PROJETO NACIONAL AJUDOU A CRIAR MODELO EM SC

No final dos anos 1990, quando ainda tinha a Complex, empresa que desenvolvia softwares para educação, Silvio começou a articular com a secretaria de Educação em Santa Catarina o projeto de um “plano diretor de tecnologia” para o sistema de ensino no estado. “Era um mapeamento das empresas que tínhamos aqui, baseado na ideia, um tanto ingênua, de usar o poder de compra do governo para estimular as empresas locais a desenvolver projetos de acordo com as necessidades do setor público. Foram reuniões bacanas, uma ideia bonita, mas que não deu em nada durante alguns anos”, recorda.

Em paralelo, havia um projeto em nível federal – o ProInfo – que pretendia dotar as escolas públicas estaduais com laboratórios de informática. O governo federal entraria com os computadores enquanto os estados ficariam responsáveis pela compra do software. Um dos articuladores desse projeto dentro do setor privado, Silvio lembra que vários fornecedores brasileiros de software conseguiram, a partir de encontros regionais com representantes de governos estaduais, fazer negócios com a rede pública e levar tecnologia local a escolas e instituições profissionalizantes.

Essa bagagem foi importante, anos depois, quando aceitou um convite do então presidente da Acate, Rui Gonçalves, para liderar a criação da Vertical Educação, seguindo um modelo de conexão entre empreendedores do mesmo segmento para gerar negócios em conjunto – na época, só existiam as verticais de Energia, Segurança e Telecom (atual Conectividade).
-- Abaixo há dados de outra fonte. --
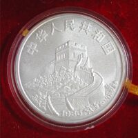 110.00 CHF Weitere InformationenCHINA, VOLKSREPUBLIK, 5 YUAN 1986, FDC in Box, SILBER 900, ca 26.7 gr., d=35mm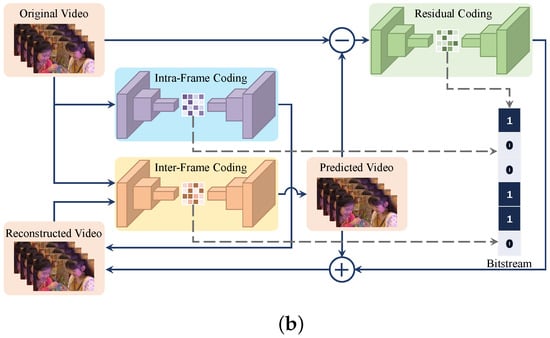 In traditional hybrid video coding frameworks (shown in Figure 1), such as AVC, HEVC, and VVC, coding tools basically perform rate–distortion optimization on their own within a specific codec structure. Currently, modularized neural video coding (MOD-NVC) integrates a modular learning-based coding tool into the traditional video coding framework, either as a stand-alone module replacing the original module,  as an enhancement to the original module, or as a part of the coding strategy. MOD-NVC can improve the performance of traditional video coding algorithms but is still constrained by the coupling between coding tools; so, MOD-NVC is a local optimization of the traditional hybrid video coding framework. In contrast, end-to-end deep video coding (E2E-DVC) can overcome these shortcomings and enable a simple replacement of the network model to an overall end-to-end optimization. As shown in Figure 1, an E2E-DVC model is essentially a deep learning model based on autoencoders (AE), and most existing E2E-DVC models still follow the basic idea of hybrid coding. Currently, a variety of different neural network structures are used in the design of AE, including the use of convolutional neural network (CNN), recurrent neural network (RNN), generative adversarial network (GAN), long short-term memory (LSTM), gated recurrent unit (GRU), and attention mechanism [], which significantly improve the E2E-DVC models’ performance.

A atual diretora da Vertical Educação diz que uma das prioridades do grupo neste ano é a retomada do projeto do Cluster com os órgãos públicos e demais empresas e entidades privadas do estado. “Estamos planejando encontros com diversas instituições para compreender os direcionamentos do mercado educacional hoje, as tendências e como podemos nos ajudar”, define Nadine.
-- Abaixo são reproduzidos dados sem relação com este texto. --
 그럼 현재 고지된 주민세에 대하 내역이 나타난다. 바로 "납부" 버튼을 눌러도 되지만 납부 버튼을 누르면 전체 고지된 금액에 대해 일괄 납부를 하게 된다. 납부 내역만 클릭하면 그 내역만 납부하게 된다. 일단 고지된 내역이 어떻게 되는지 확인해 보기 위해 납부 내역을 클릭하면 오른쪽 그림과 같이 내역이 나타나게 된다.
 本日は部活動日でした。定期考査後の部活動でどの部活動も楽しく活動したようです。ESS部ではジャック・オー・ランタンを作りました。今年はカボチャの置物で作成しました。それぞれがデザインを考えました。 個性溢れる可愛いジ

A rede pública de ensino em Florianópolis poderá ser, a partir do ano que vem, um bom laboratório para colocar em prática estas tendências e inovações em sala de aula. Segundo o secretário municipal de Educação, Maurício Fernandes Pereira, serão inauguradas em 2020 duas escolas, nos bairros de Ratones (norte da Ilha) e Tapera (sul), que funcionarão em tempo integral, com ensino em multilinguagem (português, inglês, libras e programação) e espaço ‘maker’ para os alunos desenvolverem projetos e softwares como parte do processo de aprendizado.

A tecnologia precisa ajudar os professores a mudar o conceito que eles têm de escola e de sala de aula. É preciso passar conteúdo com mais impacto, o mundo mudou e as crianças mudaram. Se o professor não mudar também ele será visto apenas como um chato na frente da sala. Tecnologia não é só digital, é aprender a fazer e resgatar a possibilidade de trabalhar em conjunto”, comenta o secretário.